⟨

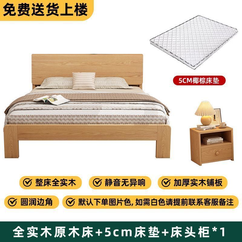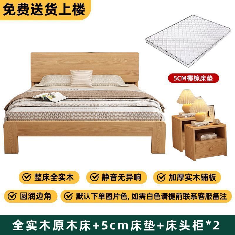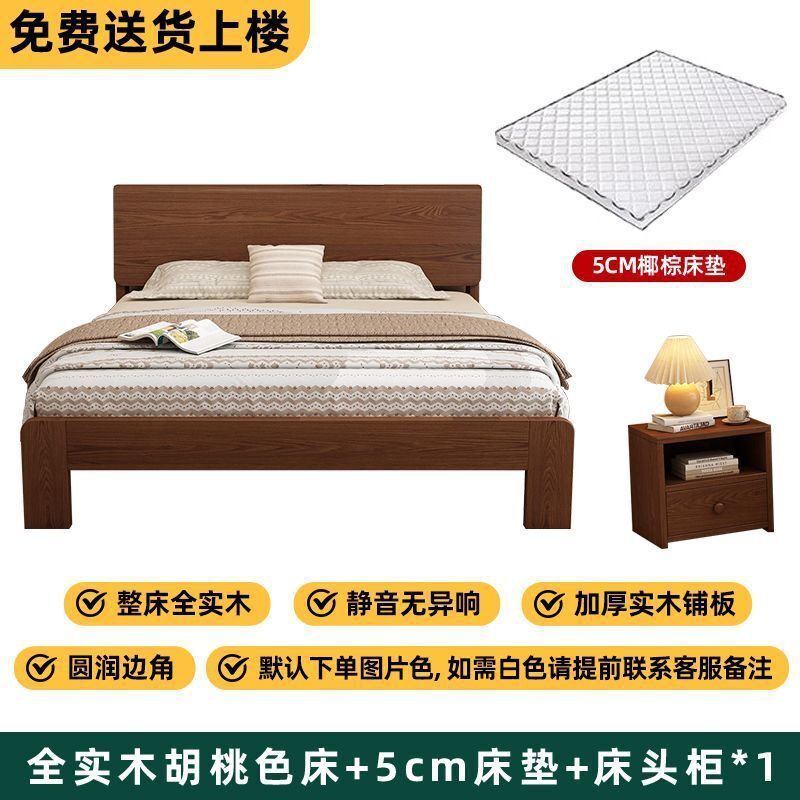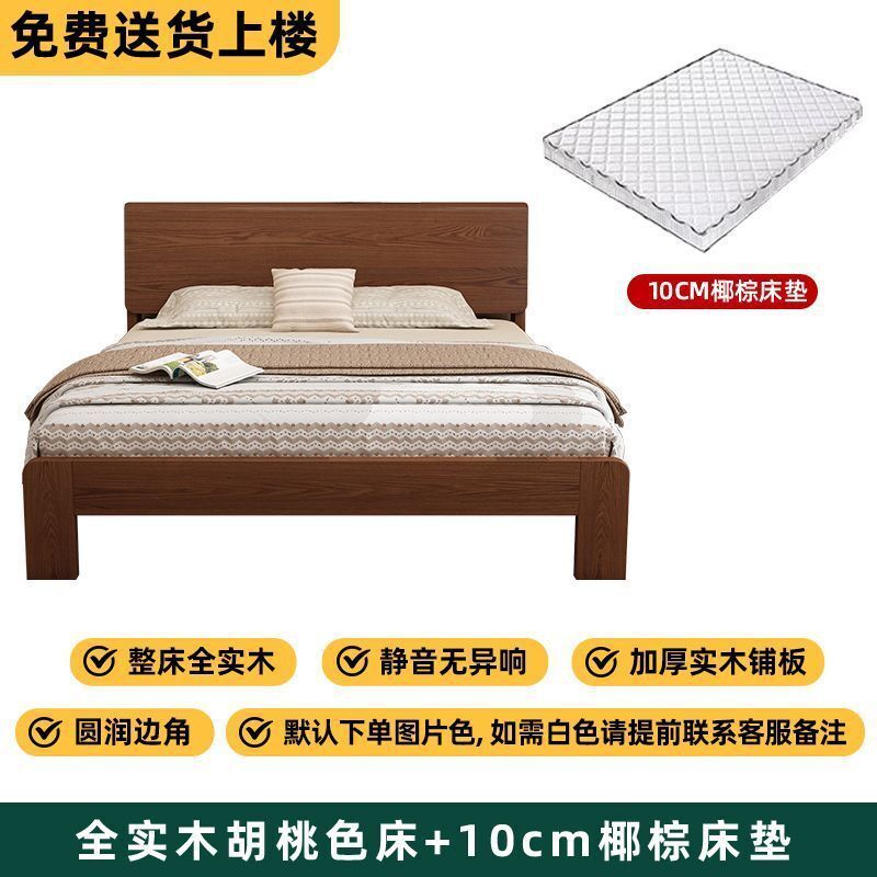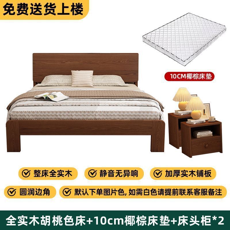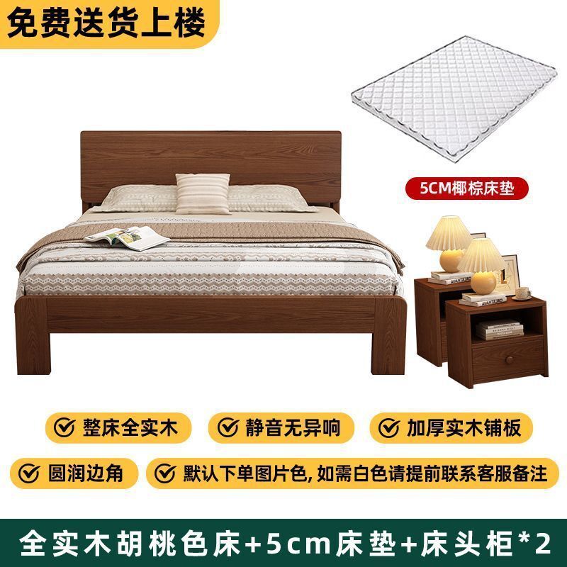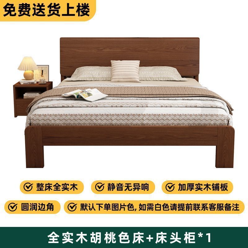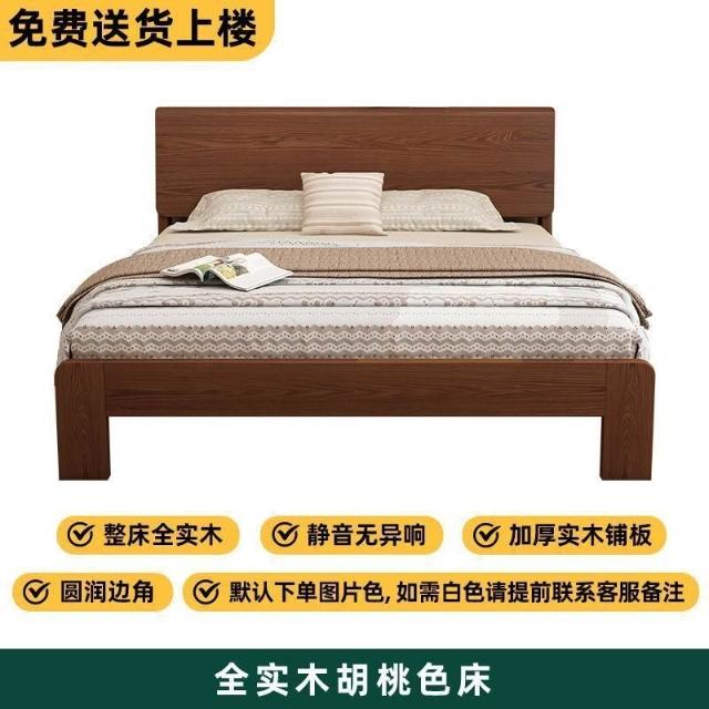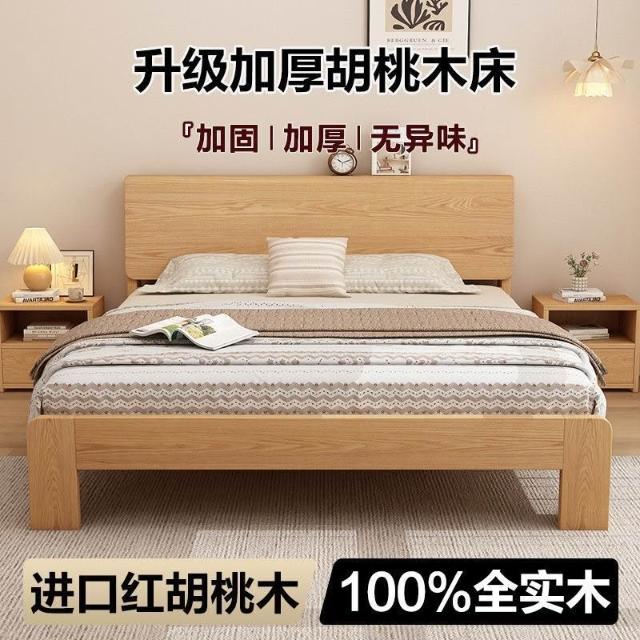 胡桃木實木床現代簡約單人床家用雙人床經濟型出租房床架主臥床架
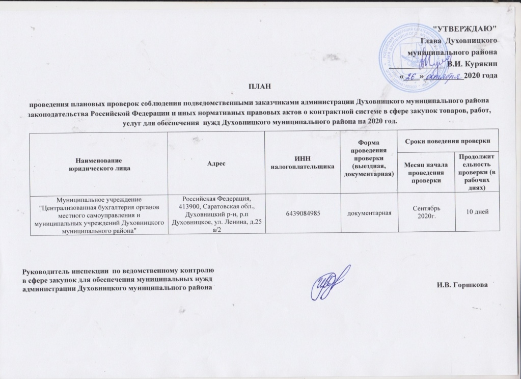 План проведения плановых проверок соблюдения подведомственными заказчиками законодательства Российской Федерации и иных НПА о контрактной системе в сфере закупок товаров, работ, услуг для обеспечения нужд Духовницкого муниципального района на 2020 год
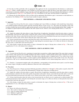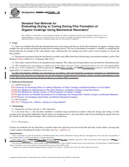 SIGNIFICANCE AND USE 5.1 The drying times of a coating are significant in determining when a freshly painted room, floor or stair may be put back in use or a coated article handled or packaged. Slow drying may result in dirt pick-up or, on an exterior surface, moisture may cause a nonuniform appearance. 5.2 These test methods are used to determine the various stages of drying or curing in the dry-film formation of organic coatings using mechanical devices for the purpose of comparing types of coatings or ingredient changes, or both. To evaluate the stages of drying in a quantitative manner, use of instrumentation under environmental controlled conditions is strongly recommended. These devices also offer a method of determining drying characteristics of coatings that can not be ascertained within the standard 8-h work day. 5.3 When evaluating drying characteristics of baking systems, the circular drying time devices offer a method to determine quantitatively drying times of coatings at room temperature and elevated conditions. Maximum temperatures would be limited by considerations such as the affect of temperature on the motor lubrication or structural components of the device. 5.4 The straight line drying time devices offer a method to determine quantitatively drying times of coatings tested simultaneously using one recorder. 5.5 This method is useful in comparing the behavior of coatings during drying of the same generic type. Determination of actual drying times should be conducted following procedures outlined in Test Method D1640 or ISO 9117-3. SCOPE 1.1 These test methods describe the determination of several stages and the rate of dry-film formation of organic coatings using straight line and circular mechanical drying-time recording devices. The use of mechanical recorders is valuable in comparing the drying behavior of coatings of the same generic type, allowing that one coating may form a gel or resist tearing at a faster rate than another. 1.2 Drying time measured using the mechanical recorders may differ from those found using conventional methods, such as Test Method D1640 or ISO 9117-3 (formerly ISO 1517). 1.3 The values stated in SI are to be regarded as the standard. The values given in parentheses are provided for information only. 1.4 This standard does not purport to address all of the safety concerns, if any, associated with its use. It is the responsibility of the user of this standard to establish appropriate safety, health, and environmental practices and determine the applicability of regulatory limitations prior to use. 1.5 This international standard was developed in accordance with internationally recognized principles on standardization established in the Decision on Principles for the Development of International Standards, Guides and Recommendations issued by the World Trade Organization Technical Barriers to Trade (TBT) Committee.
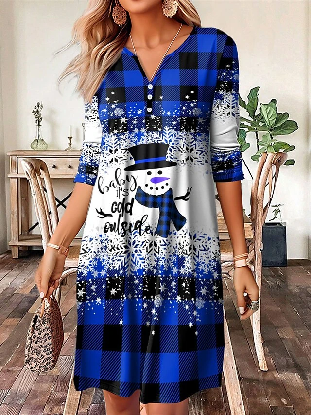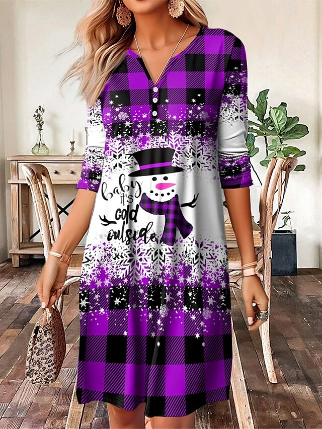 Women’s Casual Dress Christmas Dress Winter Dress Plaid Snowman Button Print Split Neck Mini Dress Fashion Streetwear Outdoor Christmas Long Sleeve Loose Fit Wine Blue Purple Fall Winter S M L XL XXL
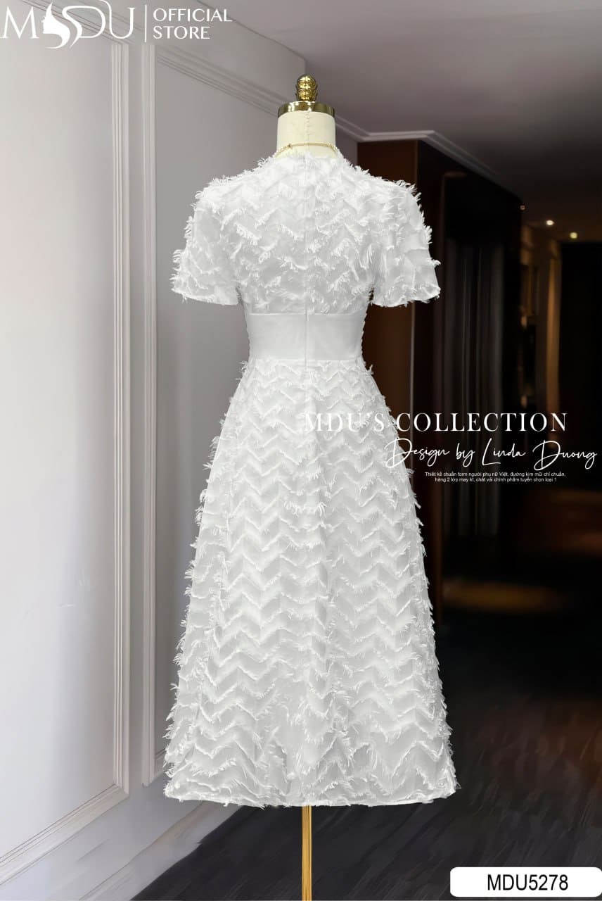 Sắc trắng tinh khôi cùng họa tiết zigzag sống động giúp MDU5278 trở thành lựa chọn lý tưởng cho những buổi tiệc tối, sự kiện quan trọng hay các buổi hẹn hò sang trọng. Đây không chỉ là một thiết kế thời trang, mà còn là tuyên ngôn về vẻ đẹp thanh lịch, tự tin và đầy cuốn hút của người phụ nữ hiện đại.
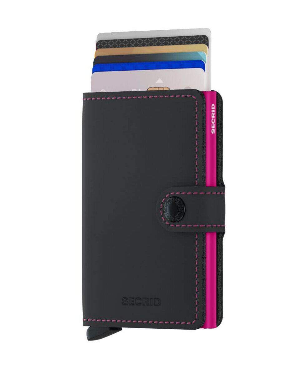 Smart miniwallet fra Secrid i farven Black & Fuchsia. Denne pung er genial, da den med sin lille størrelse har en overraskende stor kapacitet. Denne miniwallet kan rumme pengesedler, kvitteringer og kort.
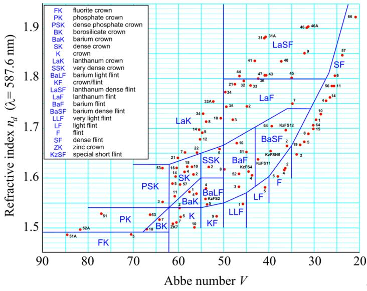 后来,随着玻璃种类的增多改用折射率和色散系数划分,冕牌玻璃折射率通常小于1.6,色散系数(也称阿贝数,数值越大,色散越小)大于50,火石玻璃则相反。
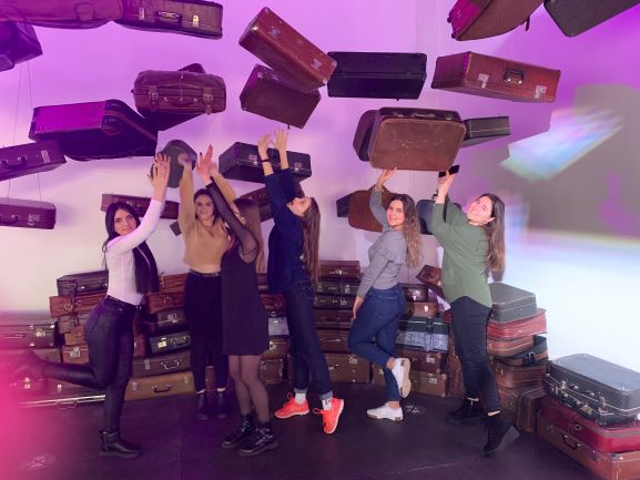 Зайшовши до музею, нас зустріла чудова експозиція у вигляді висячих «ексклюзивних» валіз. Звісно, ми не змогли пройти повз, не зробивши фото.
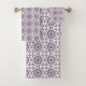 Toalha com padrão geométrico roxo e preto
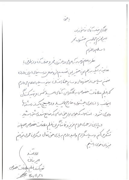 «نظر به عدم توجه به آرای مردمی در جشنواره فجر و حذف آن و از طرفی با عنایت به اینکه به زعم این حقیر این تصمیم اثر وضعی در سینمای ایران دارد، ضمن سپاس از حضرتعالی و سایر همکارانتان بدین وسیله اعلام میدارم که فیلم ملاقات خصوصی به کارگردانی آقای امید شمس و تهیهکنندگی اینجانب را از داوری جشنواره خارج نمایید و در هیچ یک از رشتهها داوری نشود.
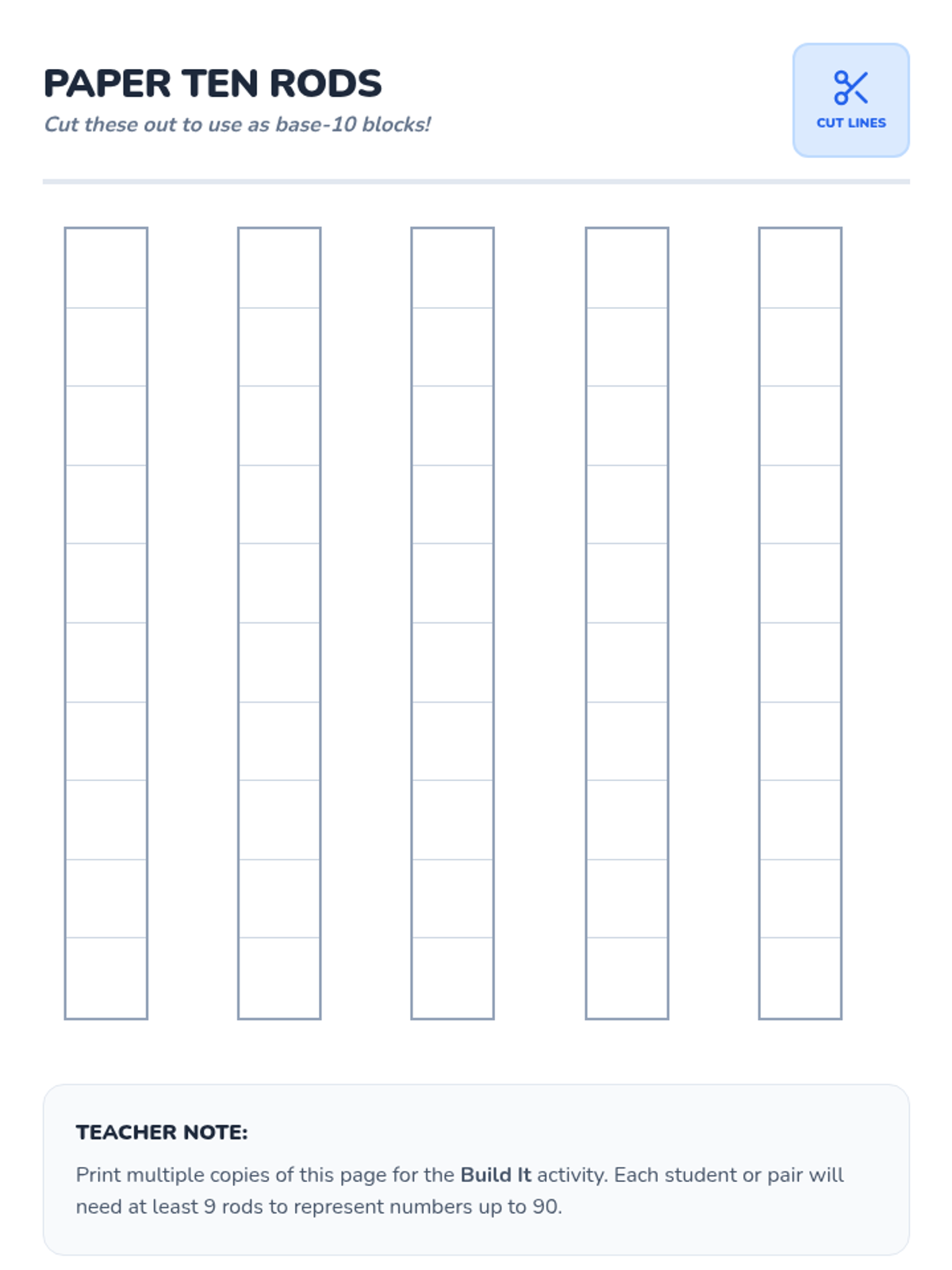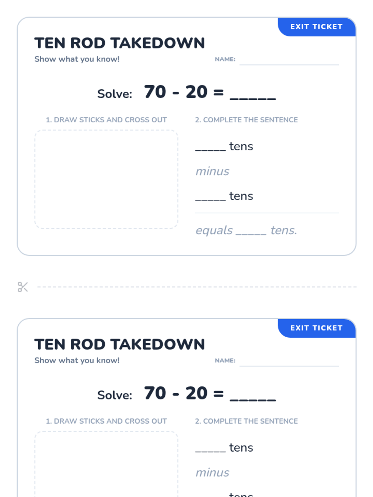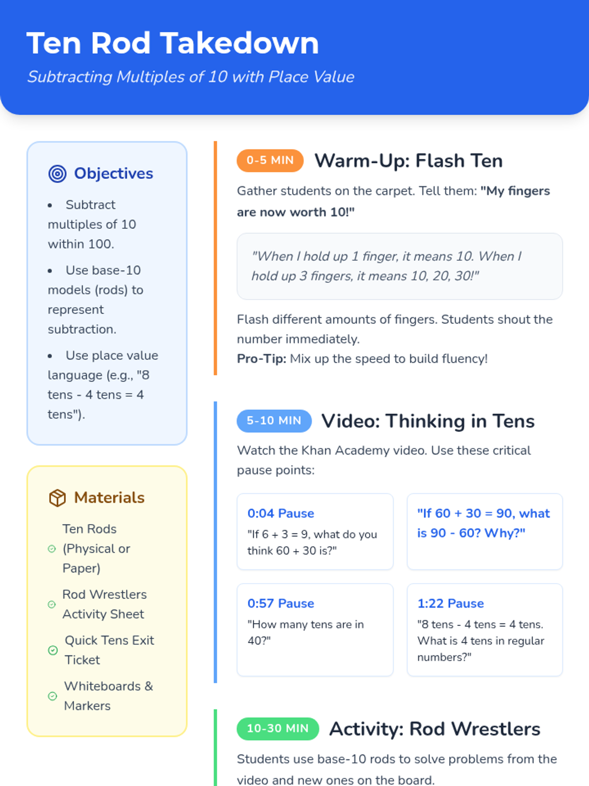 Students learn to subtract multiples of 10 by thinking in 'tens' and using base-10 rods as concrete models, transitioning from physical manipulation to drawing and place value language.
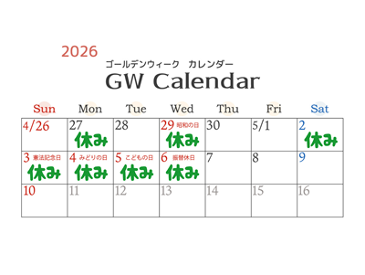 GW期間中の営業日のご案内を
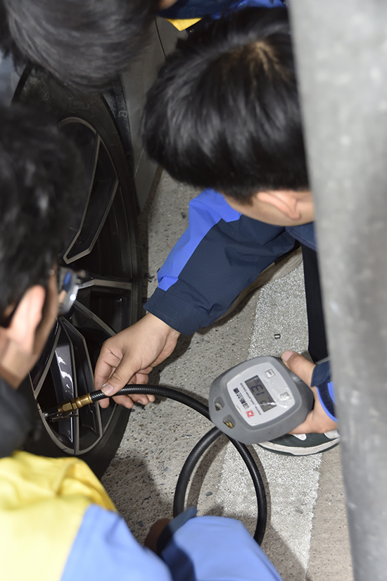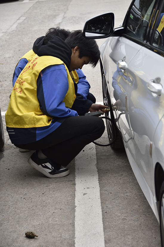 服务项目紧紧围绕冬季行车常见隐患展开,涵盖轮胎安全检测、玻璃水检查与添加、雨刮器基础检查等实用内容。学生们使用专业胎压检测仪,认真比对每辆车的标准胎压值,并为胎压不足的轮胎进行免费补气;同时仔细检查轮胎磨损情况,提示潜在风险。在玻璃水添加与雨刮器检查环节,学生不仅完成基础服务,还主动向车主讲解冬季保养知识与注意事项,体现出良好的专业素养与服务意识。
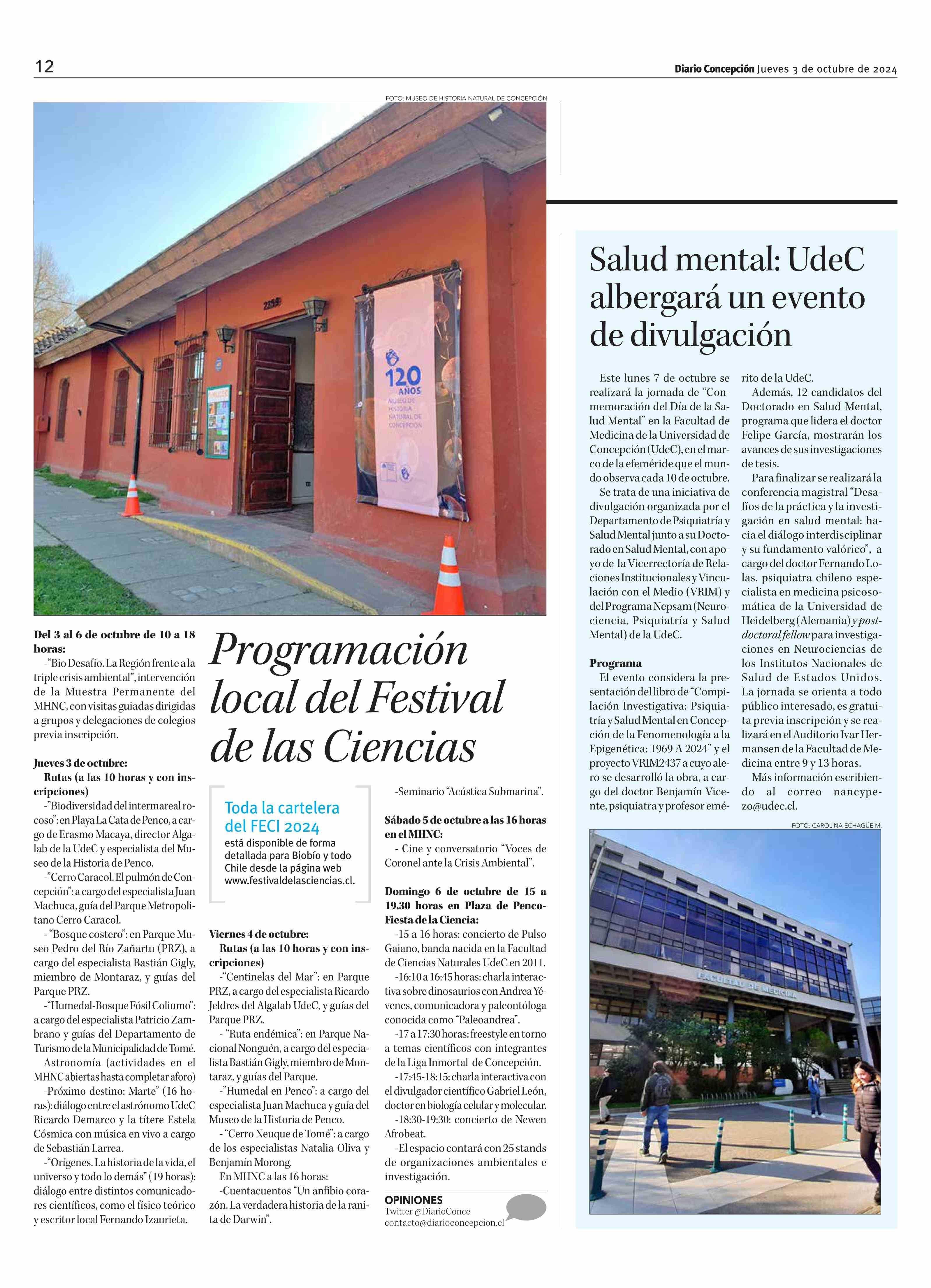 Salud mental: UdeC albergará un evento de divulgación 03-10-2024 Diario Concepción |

⟩

Exercise description:
Please print the span that begins at the line holding "服务项目紧紧围绕冬季行车常见" and ends at the last line of the data, both ends included, with no pictures.

Task output:
 服务项目紧紧围绕冬季行车常见隐患展开,涵盖轮胎安全检测、玻璃水检查与添加、雨刮器基础检查等实用内容。学生们使用专业胎压检测仪,认真比对每辆车的标准胎压值,并为胎压不足的轮胎进行免费补气;同时仔细检查轮胎磨损情况,提示潜在风险。在玻璃水添加与雨刮器检查环节,学生不仅完成基础服务,还主动向车主讲解冬季保养知识与注意事项,体现出良好的专业素养与服务意识。
 Salud mental: UdeC albergará un evento de divulgación 03-10-2024 Diario Concepción |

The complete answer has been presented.